▶ EXTRACTED ENTRIES:
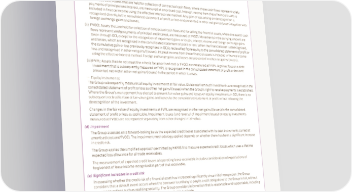 22. Financial Instruments by Category (continued) Accounting Policy (continued) Financial Assets (continued) (c) Measurement (continued) (i) Amortised cost: Assets that are held for collection of contractual cash flows, where those cash flows represent solely payments of principal and interest, are measured at amortised cost. Interest income from these financial assets is included in finance income using the effective interest rate method. Any gain or loss arising on derecognition is recognised directly in the consolidated statement of profit or loss and presented in other net gains/(losses) together with foreign exchange gains and losses. (ii) FVOCI: Assets that are held for collection of contractual cash flows and for selling the financial assets, where the assets’ cash flows represent solely payments of principal and interest, are measured at FVOCI. Movements in the carrying amount are taken through OCI, except for the recognition of impairment gains or losses, interest income and foreign exchange gains and losses, which are recognised in the consolidated statement of profit or loss. When the financial asset is derecognised, the cumulative gain or loss previously recognised in OCI is reclassified from equity to the consolidated statement of profit or loss and recognised in other net gains/(losses). Interest income from these financial assets is included in finance income using the effective interest method. Foreign exchange gains and losses are presented in other net gains/(losses). (iii) FVPL: Assets that do not meet the criteria for amortised cost or FVOCI are measured at FVPL. A gain or loss on a debt investment that is subsequently measured at FVPL is recognised in the consolidated statement of profit or loss and presented net within other net gains/(losses) in the period in which it arises. – Equity instruments: The Group subsequently measures all equity investments at fair value. Dividends from such investments are recognised in the consolidated statement of profit or loss as other net gains/(losses) when the Group’s right to receive payments is established. Where the Group’s management has elected to present fair value gains and losses on equity investments in OCI, there is no subsequent reclassification of fair value gains and losses to the consolidated statement of profit or loss following the derecognition of the investment. Changes in the fair value of equity investments at FVPL are recognised in other net gains/(losses) in the consolidated statement of profit or loss as applicable. Impairment losses (and reversal of impairment losses) on equity investments measured at FVOCI are not reported separately from other changes in fair value. (d) Impairment The Group assesses on a forward-looking basis the expected credit losses associated with its debt instruments carried at amortised cost and FVOCI. The impairment methodology applied depends on whether there has been a significant increase in credit risk. The Group applies the simplified approach permitted by HKFRS 9 to measure expected credit losses which uses a lifetime expected loss allowance for all trade receivables. The measurement of expected credit losses of operating lease receivable includes consideration of expectations of forgiveness of lease income recognised as part of that receivable. (e) Significant increases in credit risk In assessing whether the credit risk of a financial asset has increased significantly since initial recognition, the Group considers that a default event occurs when the borrower is unlikely to pay its credit obligations to the Group in full, without recourse to actions such as realising security. The Group considers information that is reasonable and supportable, including historical experience and forward-looking information that is available. (f) Write-off policy The gross carrying amount of a financial asset is written off to the extent that there is no realistic prospect of recovery. Financial liabilities Non-derivative financial liabilities with fixed or determinable payments and fixed maturities are measured at amortised cost. They are included in non-current liabilities, except for maturities less than twelve months after the period-end date where these are classified as current liabilities. Put options in respect of non-controlling interests in subsidiary companies included in trade and other payables are measured at fair value through the consolidated statement of profit or loss. SWIRE PROPERTIES ANNUAL REPORT 2022 169
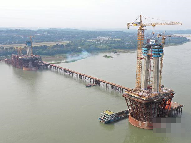 泸州长江六桥中心主塔正式进入上塔柱钢结构施工阶段
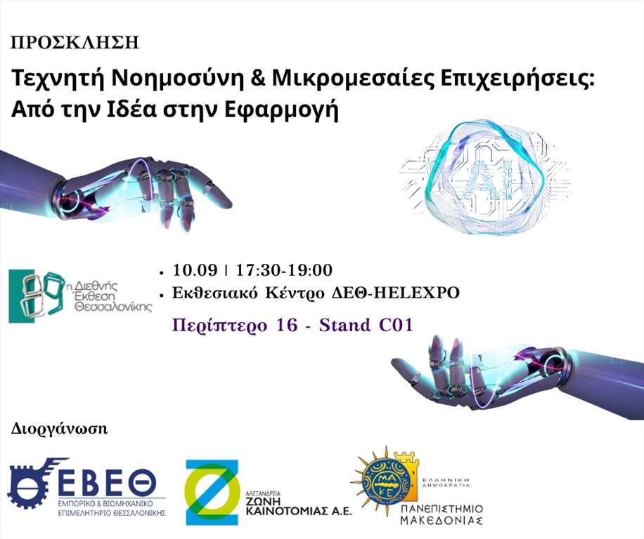Το Εμπορικό και Βιομηχανικό Επιμελητήριο Θεσσαλονίκης, η Αλεξάνδρεια Ζώνη Καινοτομίας και το ΔΠΜΣ στη Διοίκηση Επιχειρήσεων του Πανεπιστημίου Μακεδονίας πραγματοποιούν εσπερίδα με θέμα: «Τεχνητή Νοημοσύνη & Μικρομεσαίες Επιχειρήσεις: Από την Ιδέα στην Εφαρμογή».
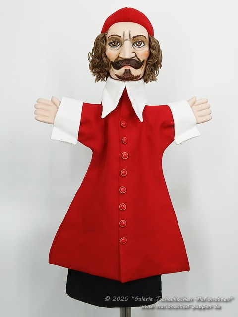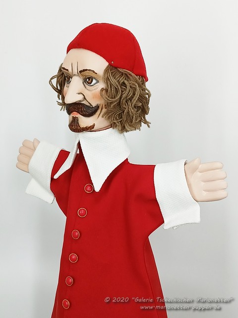 Cardinal Richelieu hand puppet from wood for professional puppeteer for sale.
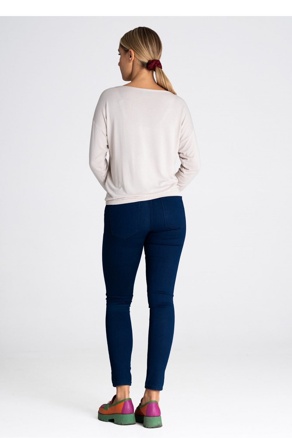 Blouse van fijne stof met lange mouwen en een ronde halslijn. Los model met schouders. Elastiek onderaan.
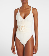 Floral-appliqué ruched swimsuit
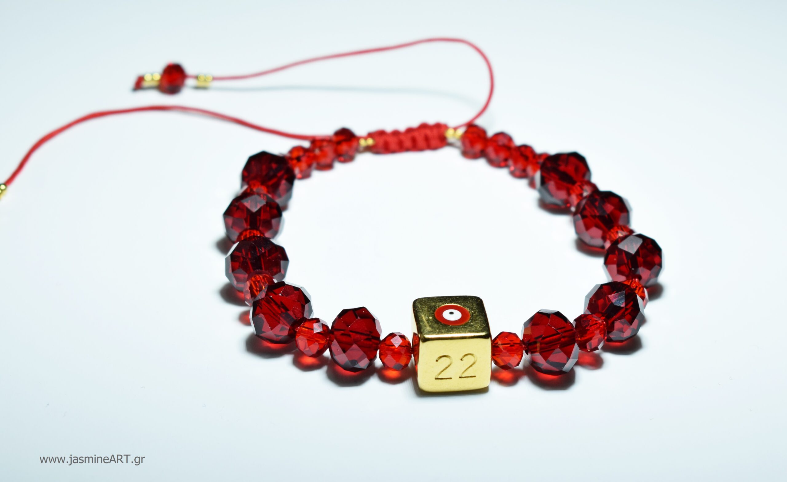 Εντυπωσιακό βραχιόλι γούρι με επίχρυσο στοιχείο ζάρι και κόκκινα κρυσταλλάκια με μακραμέ δέσιμο για να αυξομειώνεται το μέγεθος του.
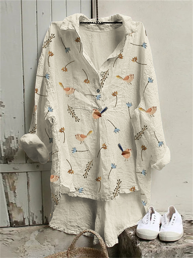 Women's Vintage Art Print Casual Long Sleeve Comfortable Cotton Shirt
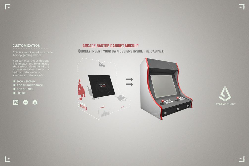 This is a retro gaming bartop arcade cabinet mockup Photoshop template designed to create quick and easy design of bartop arcade cabinet machines designed to promote retro gaming events, fighting games tournament, raspberry pi diy arcade machines build, retropie custom builds, arcade stick fighting tournaments, video games in general, classic gaming events and parties, coin op tournaments, gaming stores and shops, gaming fair, geek convenstions and any similar video gaming activity related to 1980s and 80s video games.
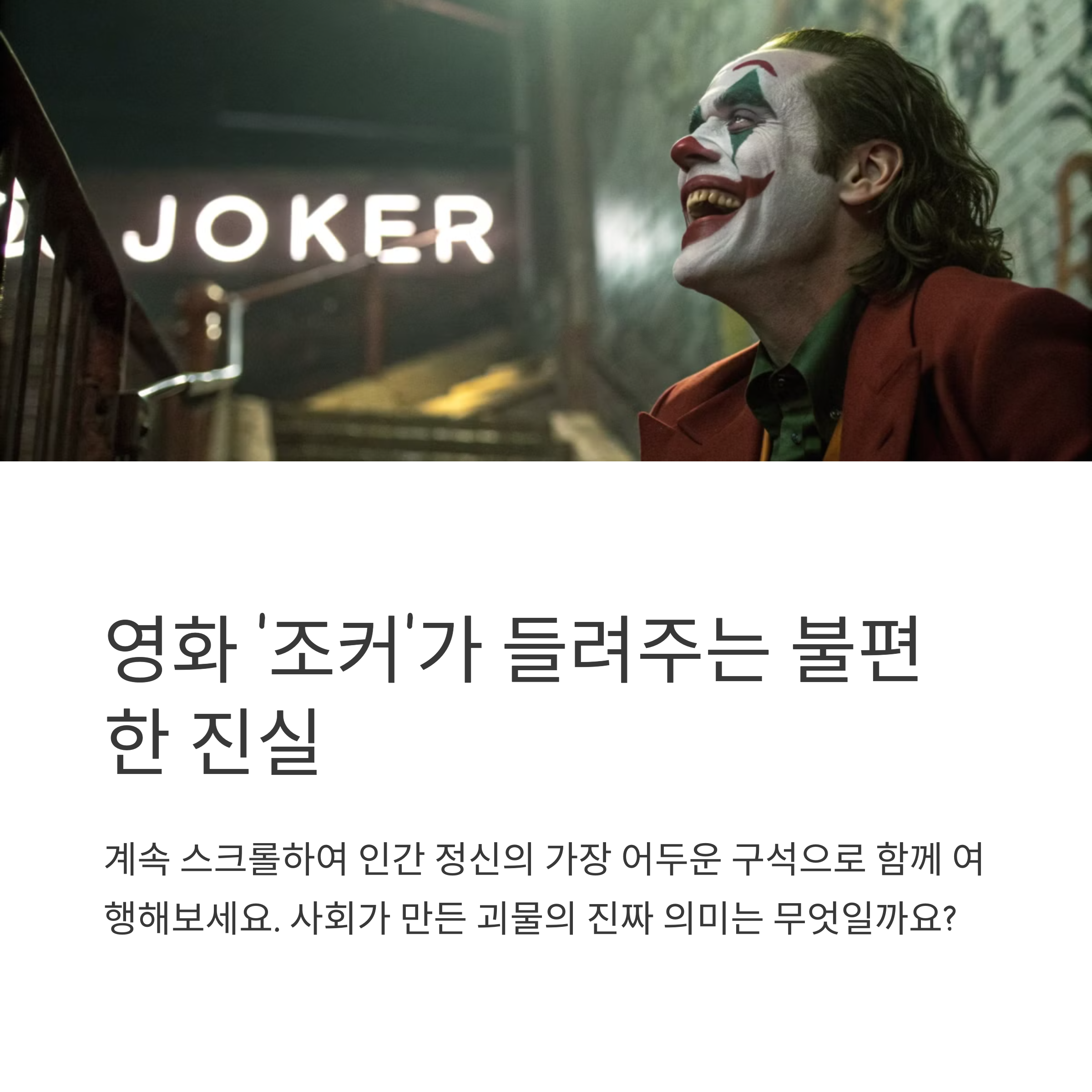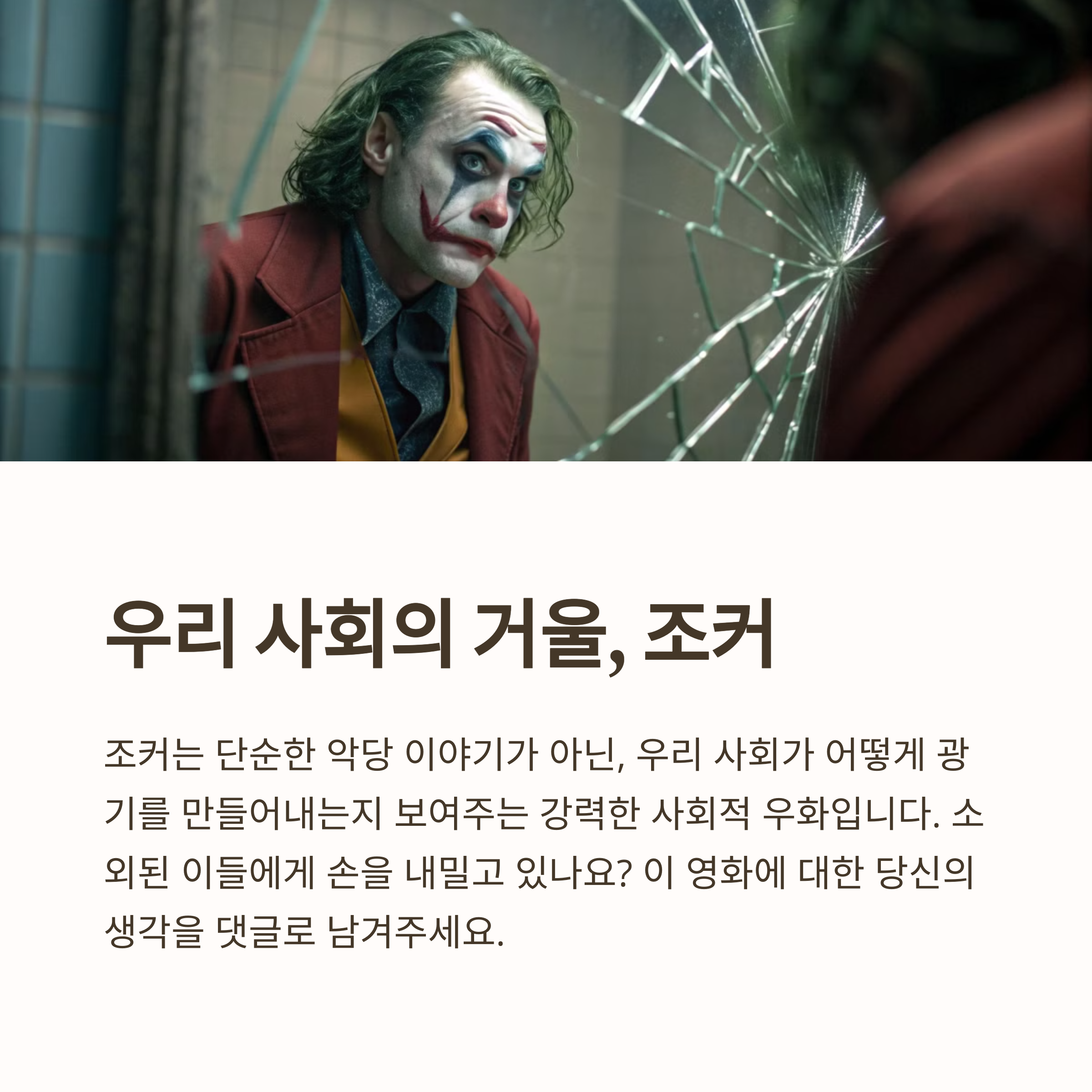 여러분은 이 영화를 보며 어떤 생각을 하셨나요? 조커라는 캐릭터가 여러분에게는 어떤 의미로 다가왔는지, 함께 이야기 나누어 보면 좋겠습니다.
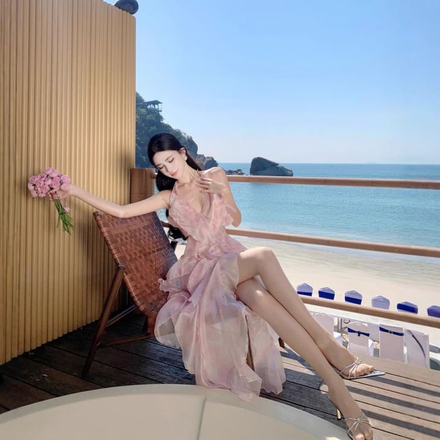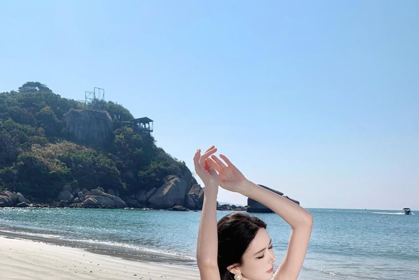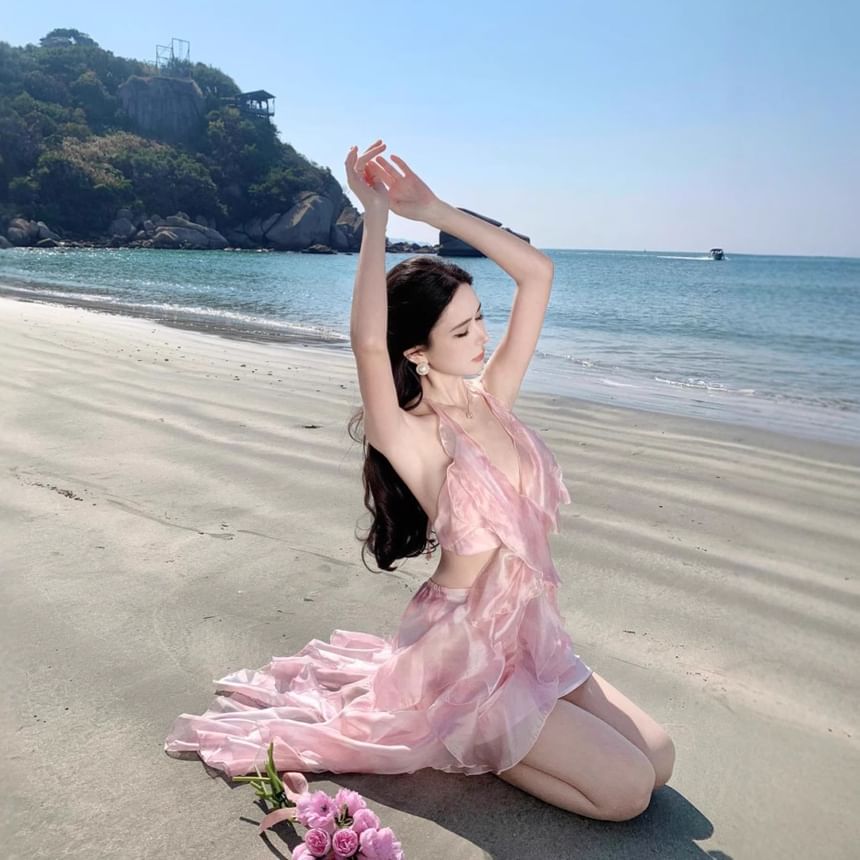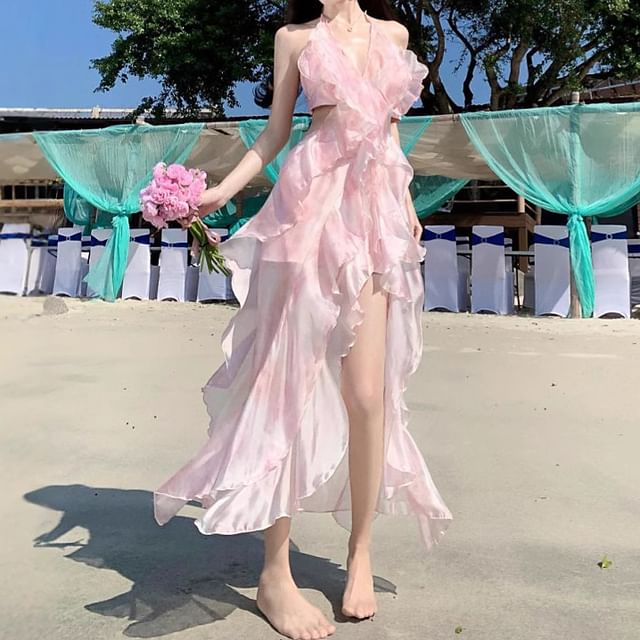 Halter Top + Set: Floral High Midi V-Neck Crop Skirt A-Line Waist
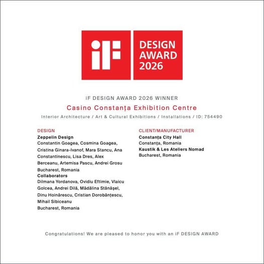 Primăria Municipiului Constanța a anunțat cu mândrie că proiectul de amenajare a Centrului Expozițional din interiorul monumentului istoric a fost distins cu celebrul premiu iF Design Award 2026
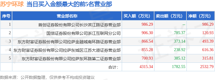 证券之星消息,沪深交易所2025年9月22日公布的交易公开信息显示,苏宁环球(000718)因日跌幅偏离值达到7%的前5只证券登上龙虎榜。此次是近5个交易日内第2次上榜。
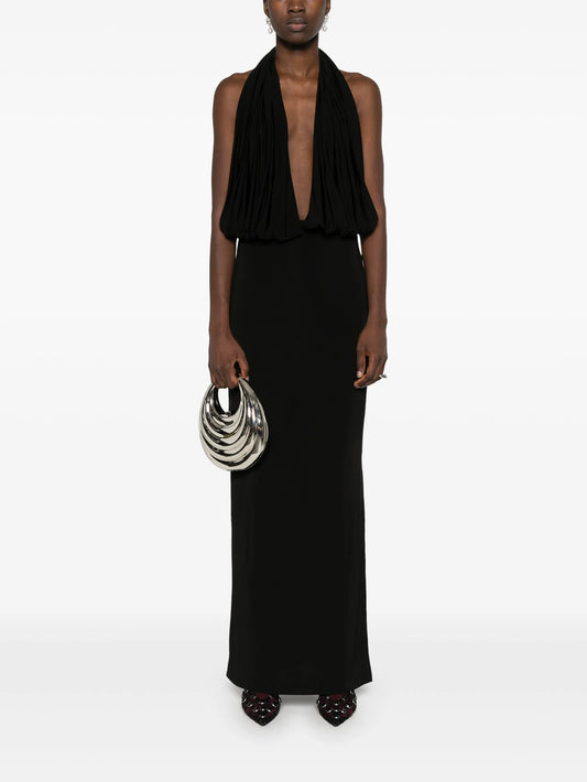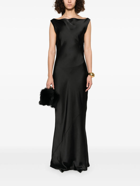 draped sleeveless gown

▶ WHAT YOU NEED TO DO: Reproduce each line above precisely, with no pictures.

▶ RESULT OF THE EXERCISE:
 22. Financial Instruments by Category (continued) Accounting Policy (continued) Financial Assets (continued) (c) Measurement (continued) (i) Amortised cost: Assets that are held for collection of contractual cash flows, where those cash flows represent solely payments of principal and interest, are measured at amortised cost. Interest income from these financial assets is included in finance income using the effective interest rate method. Any gain or loss arising on derecognition is recognised directly in the consolidated statement of profit or loss and presented in other net gains/(losses) together with foreign exchange gains and losses. (ii) FVOCI: Assets that are held for collection of contractual cash flows and for selling the financial assets, where the assets’ cash flows represent solely payments of principal and interest, are measured at FVOCI. Movements in the carrying amount are taken through OCI, except for the recognition of impairment gains or losses, interest income and foreign exchange gains and losses, which are recognised in the consolidated statement of profit or loss. When the financial asset is derecognised, the cumulative gain or loss previously recognised in OCI is reclassified from equity to the consolidated statement of profit or loss and recognised in other net gains/(losses). Interest income from these financial assets is included in finance income using the effective interest method. Foreign exchange gains and losses are presented in other net gains/(losses). (iii) FVPL: Assets that do not meet the criteria for amortised cost or FVOCI are measured at FVPL. A gain or loss on a debt investment that is subsequently measured at FVPL is recognised in the consolidated statement of profit or loss and presented net within other net gains/(losses) in the period in which it arises. – Equity instruments: The Group subsequently measures all equity investments at fair value. Dividends from such investments are recognised in the consolidated statement of profit or loss as other net gains/(losses) when the Group’s right to receive payments is established. Where the Group’s management has elected to present fair value gains and losses on equity investments in OCI, there is no subsequent reclassification of fair value gains and losses to the consolidated statement of profit or loss following the derecognition of the investment. Changes in the fair value of equity investments at FVPL are recognised in other net gains/(losses) in the consolidated statement of profit or loss as applicable. Impairment losses (and reversal of impairment losses) on equity investments measured at FVOCI are not reported separately from other changes in fair value. (d) Impairment The Group assesses on a forward-looking basis the expected credit losses associated with its debt instruments carried at amortised cost and FVOCI. The impairment methodology applied depends on whether there has been a significant increase in credit risk. The Group applies the simplified approach permitted by HKFRS 9 to measure expected credit losses which uses a lifetime expected loss allowance for all trade receivables. The measurement of expected credit losses of operating lease receivable includes consideration of expectations of forgiveness of lease income recognised as part of that receivable. (e) Significant increases in credit risk In assessing whether the credit risk of a financial asset has increased significantly since initial recognition, the Group considers that a default event occurs when the borrower is unlikely to pay its credit obligations to the Group in full, without recourse to actions such as realising security. The Group considers information that is reasonable and supportable, including historical experience and forward-looking information that is available. (f) Write-off policy The gross carrying amount of a financial asset is written off to the extent that there is no realistic prospect of recovery. Financial liabilities Non-derivative financial liabilities with fixed or determinable payments and fixed maturities are measured at amortised cost. They are included in non-current liabilities, except for maturities less than twelve months after the period-end date where these are classified as current liabilities. Put options in respect of non-controlling interests in subsidiary companies included in trade and other payables are measured at fair value through the consolidated statement of profit or loss. SWIRE PROPERTIES ANNUAL REPORT 2022 169
 泸州长江六桥中心主塔正式进入上塔柱钢结构施工阶段
Το Εμπορικό και Βιομηχανικό Επιμελητήριο Θεσσαλονίκης, η Αλεξάνδρεια Ζώνη Καινοτομίας και το ΔΠΜΣ στη Διοίκηση Επιχειρήσεων του Πανεπιστημίου Μακεδονίας πραγματοποιούν εσπερίδα με θέμα: «Τεχνητή Νοημοσύνη & Μικρομεσαίες Επιχειρήσεις: Από την Ιδέα στην Εφαρμογή».
 Cardinal Richelieu hand puppet from wood for professional puppeteer for sale.
 Blouse van fijne stof met lange mouwen en een ronde halslijn. Los model met schouders. Elastiek onderaan.
 Floral-appliqué ruched swimsuit
 Εντυπωσιακό βραχιόλι γούρι με επίχρυσο στοιχείο ζάρι και κόκκινα κρυσταλλάκια με μακραμέ δέσιμο για να αυξομειώνεται το μέγεθος του.
 Women's Vintage Art Print Casual Long Sleeve Comfortable Cotton Shirt
 This is a retro gaming bartop arcade cabinet mockup Photoshop template designed to create quick and easy design of bartop arcade cabinet machines designed to promote retro gaming events, fighting games tournament, raspberry pi diy arcade machines build, retropie custom builds, arcade stick fighting tournaments, video games in general, classic gaming events and parties, coin op tournaments, gaming stores and shops, gaming fair, geek convenstions and any similar video gaming activity related to 1980s and 80s video games.
 여러분은 이 영화를 보며 어떤 생각을 하셨나요? 조커라는 캐릭터가 여러분에게는 어떤 의미로 다가왔는지, 함께 이야기 나누어 보면 좋겠습니다.
 Halter Top + Set: Floral High Midi V-Neck Crop Skirt A-Line Waist
 Primăria Municipiului Constanța a anunțat cu mândrie că proiectul de amenajare a Centrului Expozițional din interiorul monumentului istoric a fost distins cu celebrul premiu iF Design Award 2026
 证券之星消息,沪深交易所2025年9月22日公布的交易公开信息显示,苏宁环球(000718)因日跌幅偏离值达到7%的前5只证券登上龙虎榜。此次是近5个交易日内第2次上榜。
 draped sleeveless gown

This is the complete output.